## EXERCISE DESCRIPTION
Word for word, quote the lines from the one containing "Dual-band infrared imaging" to the end of the entries below, including both. Leave pictures out.

## DATA PROVIDED
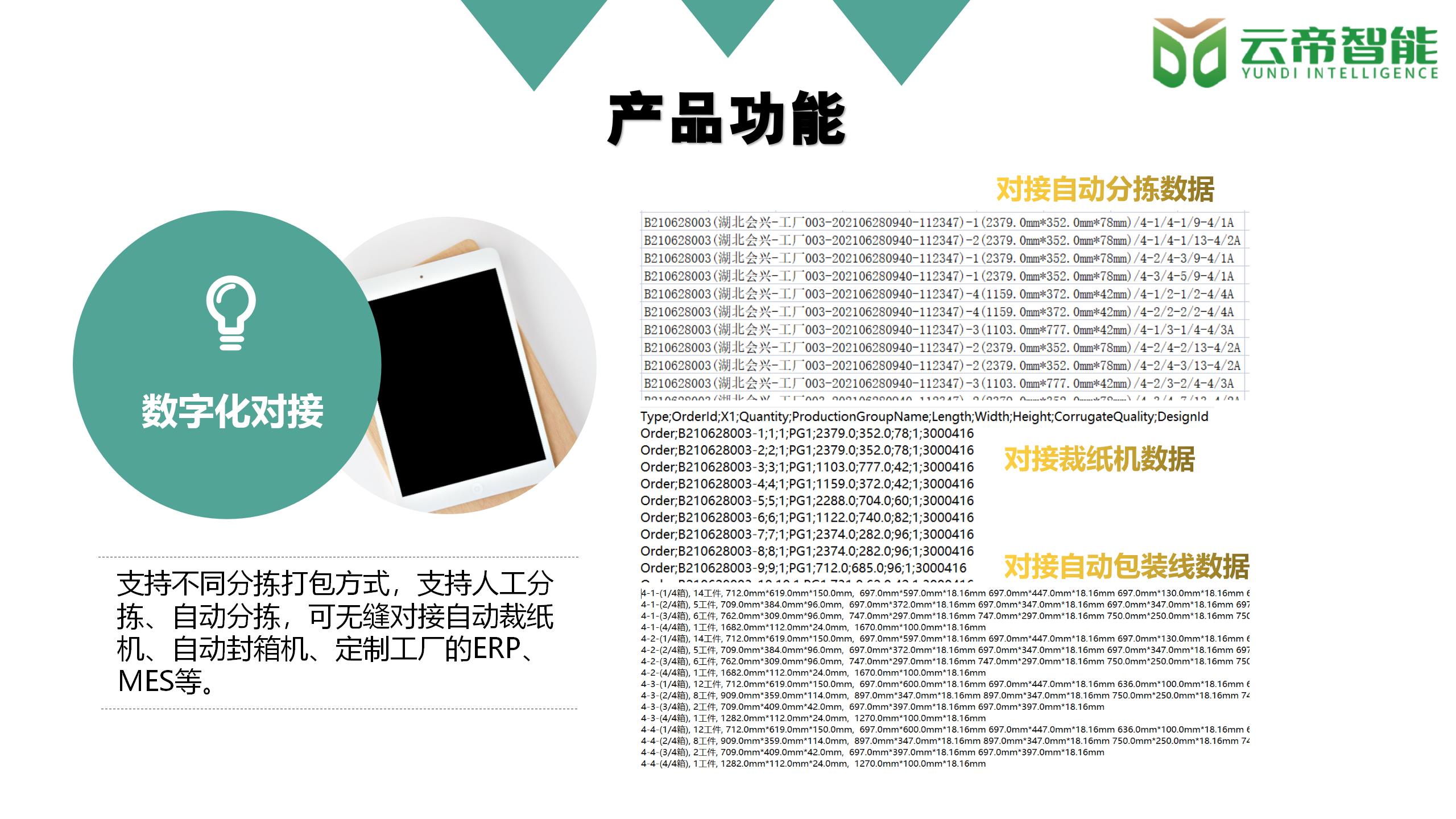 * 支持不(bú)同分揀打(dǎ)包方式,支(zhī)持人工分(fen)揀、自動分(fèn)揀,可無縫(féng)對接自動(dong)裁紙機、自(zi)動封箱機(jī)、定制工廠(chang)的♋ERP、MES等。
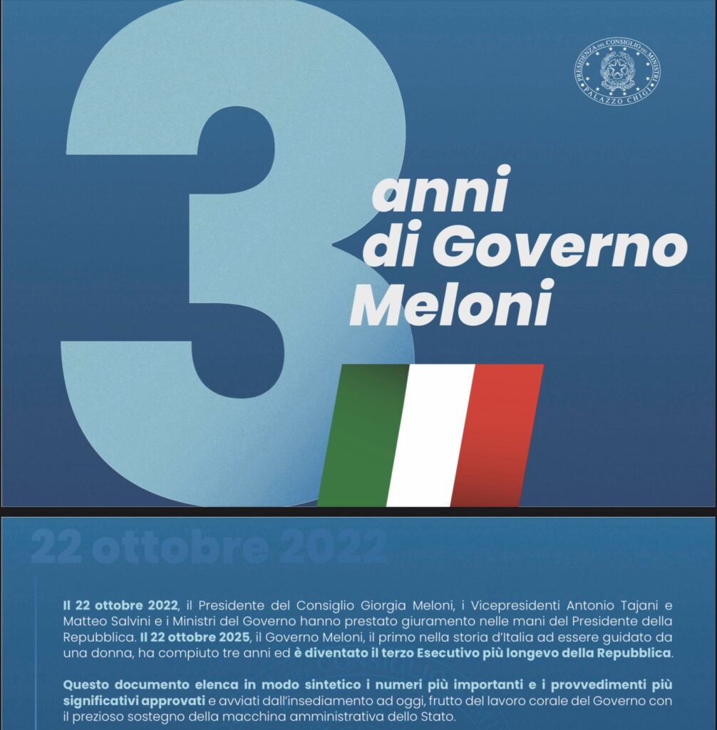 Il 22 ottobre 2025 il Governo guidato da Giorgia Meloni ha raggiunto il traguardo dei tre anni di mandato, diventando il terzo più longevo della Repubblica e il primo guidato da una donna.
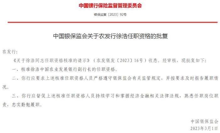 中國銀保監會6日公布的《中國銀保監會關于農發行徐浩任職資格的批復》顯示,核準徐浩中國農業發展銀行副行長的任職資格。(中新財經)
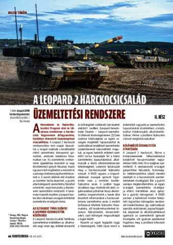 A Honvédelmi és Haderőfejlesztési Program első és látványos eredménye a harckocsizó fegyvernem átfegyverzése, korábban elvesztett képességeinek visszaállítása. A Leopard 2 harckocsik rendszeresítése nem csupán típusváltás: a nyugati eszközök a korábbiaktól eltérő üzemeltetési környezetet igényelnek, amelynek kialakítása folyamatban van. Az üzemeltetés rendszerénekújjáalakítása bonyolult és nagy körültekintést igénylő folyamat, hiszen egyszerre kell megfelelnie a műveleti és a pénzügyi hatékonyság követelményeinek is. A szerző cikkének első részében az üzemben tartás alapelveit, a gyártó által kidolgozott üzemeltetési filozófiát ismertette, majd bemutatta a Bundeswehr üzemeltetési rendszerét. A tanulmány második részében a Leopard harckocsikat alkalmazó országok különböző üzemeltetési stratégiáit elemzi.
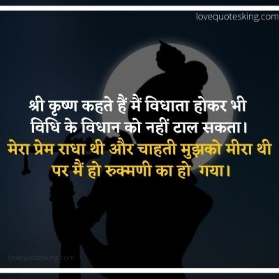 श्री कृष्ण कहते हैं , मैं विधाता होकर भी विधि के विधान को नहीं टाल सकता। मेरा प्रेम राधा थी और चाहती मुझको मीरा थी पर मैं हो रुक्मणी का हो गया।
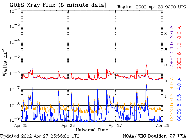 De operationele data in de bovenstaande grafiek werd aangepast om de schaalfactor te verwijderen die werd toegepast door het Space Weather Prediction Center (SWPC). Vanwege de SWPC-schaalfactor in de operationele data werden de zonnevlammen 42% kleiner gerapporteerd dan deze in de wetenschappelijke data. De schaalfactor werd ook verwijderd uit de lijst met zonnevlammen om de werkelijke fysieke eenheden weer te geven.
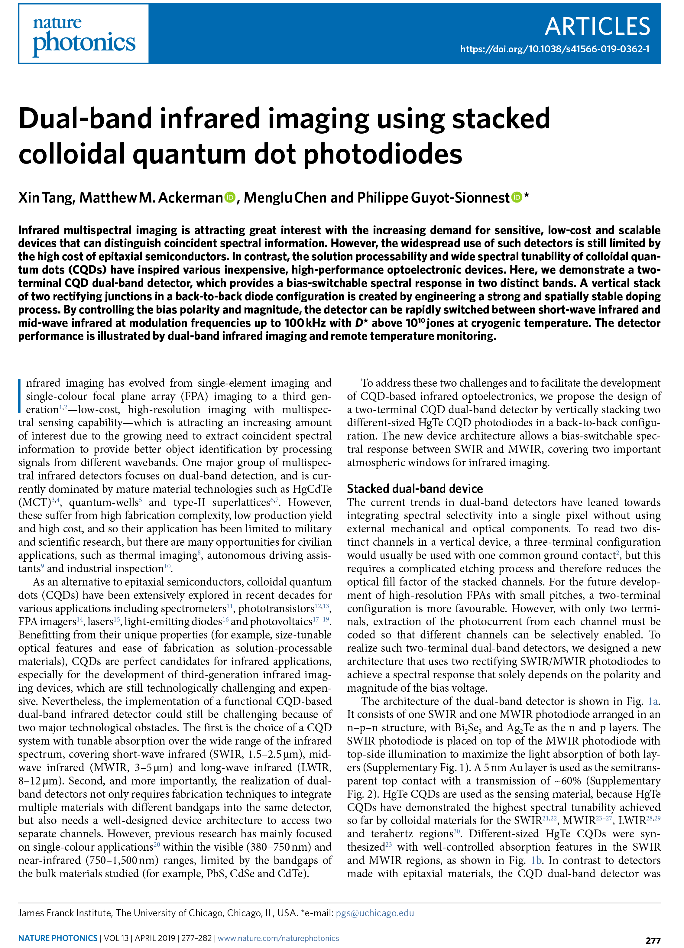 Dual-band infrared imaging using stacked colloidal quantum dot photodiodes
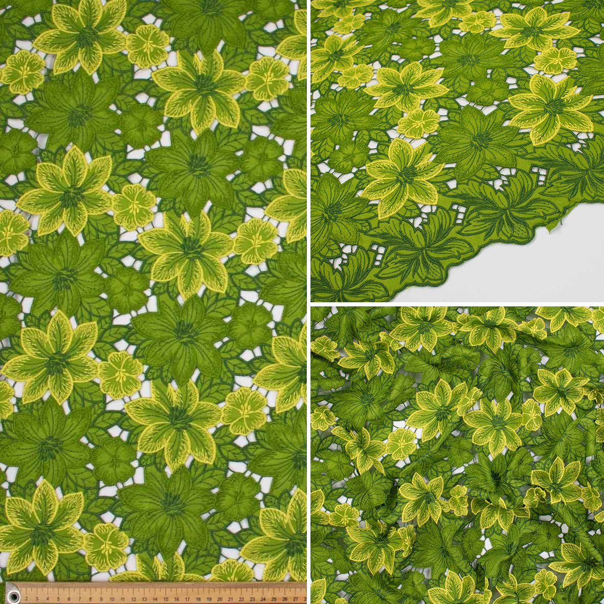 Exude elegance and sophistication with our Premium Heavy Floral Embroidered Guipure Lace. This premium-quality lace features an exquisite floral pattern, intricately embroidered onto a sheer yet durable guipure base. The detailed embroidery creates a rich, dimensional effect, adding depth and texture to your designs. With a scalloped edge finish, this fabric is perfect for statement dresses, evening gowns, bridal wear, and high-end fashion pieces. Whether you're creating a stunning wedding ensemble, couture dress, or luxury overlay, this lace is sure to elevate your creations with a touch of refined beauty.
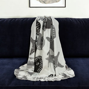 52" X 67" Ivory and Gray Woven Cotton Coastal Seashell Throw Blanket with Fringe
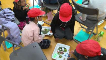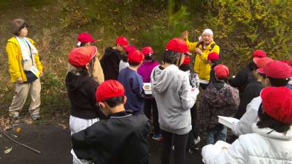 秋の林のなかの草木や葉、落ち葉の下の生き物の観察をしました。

## RESULT OF THIS TASK
 Dual-band infrared imaging using stacked colloidal quantum dot photodiodes
 Exude elegance and sophistication with our Premium Heavy Floral Embroidered Guipure Lace. This premium-quality lace features an exquisite floral pattern, intricately embroidered onto a sheer yet durable guipure base. The detailed embroidery creates a rich, dimensional effect, adding depth and texture to your designs. With a scalloped edge finish, this fabric is perfect for statement dresses, evening gowns, bridal wear, and high-end fashion pieces. Whether you're creating a stunning wedding ensemble, couture dress, or luxury overlay, this lace is sure to elevate your creations with a touch of refined beauty.
 52" X 67" Ivory and Gray Woven Cotton Coastal Seashell Throw Blanket with Fringe
 秋の林のなかの草木や葉、落ち葉の下の生き物の観察をしました。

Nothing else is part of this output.